# Good dubstep mix - Download



## Karmapuff (Sep 15, 2010)

toking and listening to dubstep is mind altering. New mix coming soon if you liked this one.
Enjoy

Download: http://www.4shared.com/audio/gSSJJ_zZ/ukfdubstep_august_mix.html


----------



## Karmapuff (Sep 15, 2010)

Bump. if you like it please reply :]


----------



## rucca (Sep 15, 2010)

i love dubstep so i'll give it a listen for you.... trying to download it right now but the site is a pain...


----------



## rucca (Sep 15, 2010)

liking it so far, jenova project is hard to mix in at that point, it sounded off to me. but i love that song so i'll let it slide. I think you're mixing a little fast, it'd be cool in person, but on a mix i like to hear songs play a bit, especially with a nice selection you have here.

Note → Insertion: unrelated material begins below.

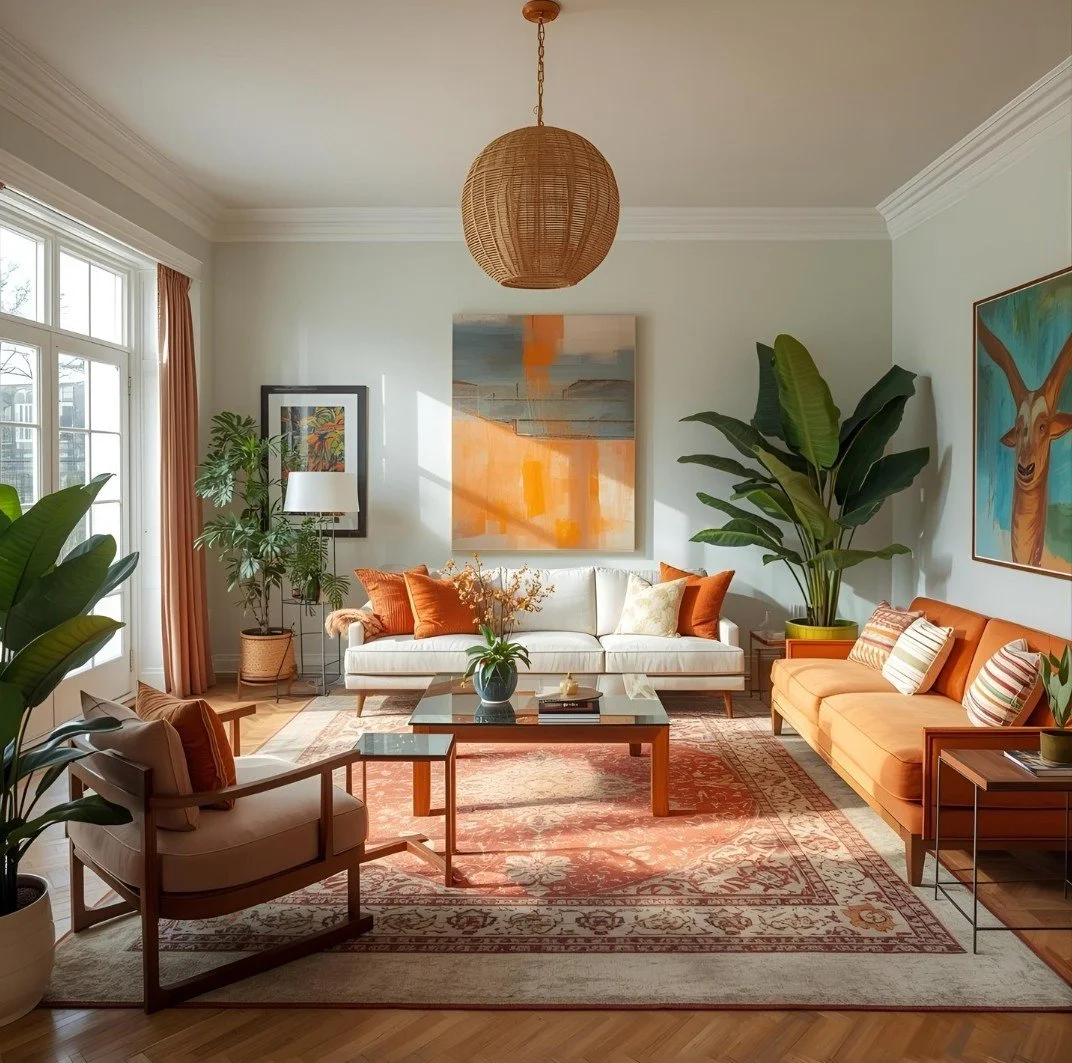 Balanced living room arranged by Feng Shui — plants, art, and furniture positioned harmoniously.

whats the tune at 6:20 - it is sick, never heard it before

anyway, i liked it, wanted it to keep going. you ever listen to dubstep.fm?


----------



## Karmapuff (Sep 15, 2010)

Yeah dubstep.fm was shown to me by one of my friends it got me into listening into dubstep, I listen to it so much I'm going to be buying a new surround sound system for my car soon just to blare dubstep with massive bass drops.
The song at 6:20 I don't know what that song is i got alot from these people there really good.
http://www.youtube.com/user/UKFDubstep#p/u/0/Kk30ye4p9VQ


----------



## rucca (Sep 15, 2010)

yeahhh, the subwoofer makes it sooo good... I got a ticket though in my town for it being too loud =/

what program are you using?


----------